For context, here is the first image:

In [None]:
from PIL import Image

Image.open(dataset.first().filepath)

# Setup Zoo Model

In [None]:
import fiftyone.zoo as foz 
foz.register_zoo_model_source("https://github.com/harpreetsahota204/florence2", overwrite=True)

In [None]:
foz.download_zoo_model(
    "https://github.com/harpreetsahota204/florence2",
    model_name="microsoft/Florence-2-base-ft", 
)

In [None]:
model = foz.load_zoo_model(
    "microsoft/Florence-2-base-ft"
    )

# Use Florence2 for Captions

The three captioning operations require no additional arguments beyond selecting the operation type. 

Supported `detail_level` values:

* `basic`

*  `detailed`

* `more_detailed`

In [7]:
model.operation="caption"
model.detail_level= "basic"

In [None]:
dataset.apply_model(model, label_field="captions")

In [None]:
dataset.first()['captions']

To change the caption detail level:

In [None]:
model.detail_level= "more_detailed"

dataset.apply_model(model, label_field="more_detailed_captions")

dataset.first()['more_detailed_captions']

# Use Florence2 for Detection

The operations for `detection`, `dense_region_caption`, `region_proposal` don't require additional parameters for general use. 

However, `open_vocabulary_detection` requires a `text_prompt` parameter to guide the detection towards specific objects. 


The results are stored as Detections objects containing bounding boxes and labels:

In [None]:
model.operation="detection"

model.detection_type="open_vocabulary_detection"

model.prompt="crack, windshield"

dataset.apply_model(model, label_field="ov_prompted_detection")

In [None]:
dataset.first()['ov_prompted_detection']

Or you can use the caption field:

In [None]:
dataset.apply_model(model, label_field="ov_field_detection", prompt_field="captions")

In [None]:
dataset.first()['ov_field_detection']

For dense detections. This doesn't take a prompt as the model will detect all it can:

In [None]:
model.operation="detection"

model.detection_type="dense_region_caption"

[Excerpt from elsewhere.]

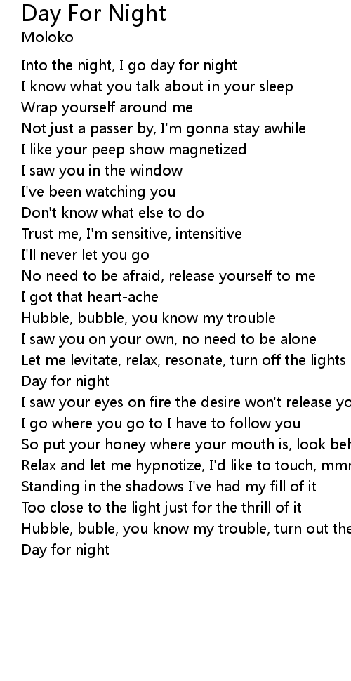 Into the night, I go day for night |

dataset.apply_model(model, label_field="dense_detections")

In [None]:
dataset.first()['dense_detections']

# Use Florence2 for Phrase Grounding

Phrase grounding requires either a direct caption or a reference to a caption field. You can provide this in two ways:

In [None]:
model.operation="phrase_grounding"

model.prompt="cake"

dataset.apply_model(model, label_field="cap_phrase_groundings")

In [None]:
dataset.first()['cap_phrase_groundings']

When you want to use a Field of a Sample for grounding, you use the following pattern:

In [None]:
dataset.apply_model(model, 
                    label_field="cap_field_phrase_groundings", 
                    prompt_field="more_detailed_captions"
                    )

In [None]:
dataset.first()['cap_field_phrase_groundings']

# Use Florence2 for Segmentation

Segmentation requires either a direct expression or a reference to a field containing expressions. 

Similar to phrase grounding, you can provide this in two ways:

In [None]:
model.operation="segmentation"

model.prompt="crack"

dataset.apply_model(model, label_field="prompted_segmentations")

In [None]:
dataset.first()['prompted_segmentations']

When you want to use a Field of a Sample for grounding, you use the following pattern:

In [None]:
dataset.apply_model(model, label_field="sample_field_segmentations", prompt_field="captions")

In [None]:
dataset.first()['sample_field_segmentations']

# OCR

Basic OCR ("ocr") requires no additional parameters and returns text strings. For OCR with region information (`ocr_with_region`), you can set `store_region_info=True` to include bounding boxes for each text region:

In [None]:
model.operation="ocr"

model.store_region_info=True

dataset.apply_model(model, label_field="text_regions")

In [None]:
dataset.first()['text_regions']

In [None]:
model.store_region_info=False

dataset.apply_model(model, label_field="text_regions_no_region_info")

In [None]:
dataset.first()['text_regions_no_region_info']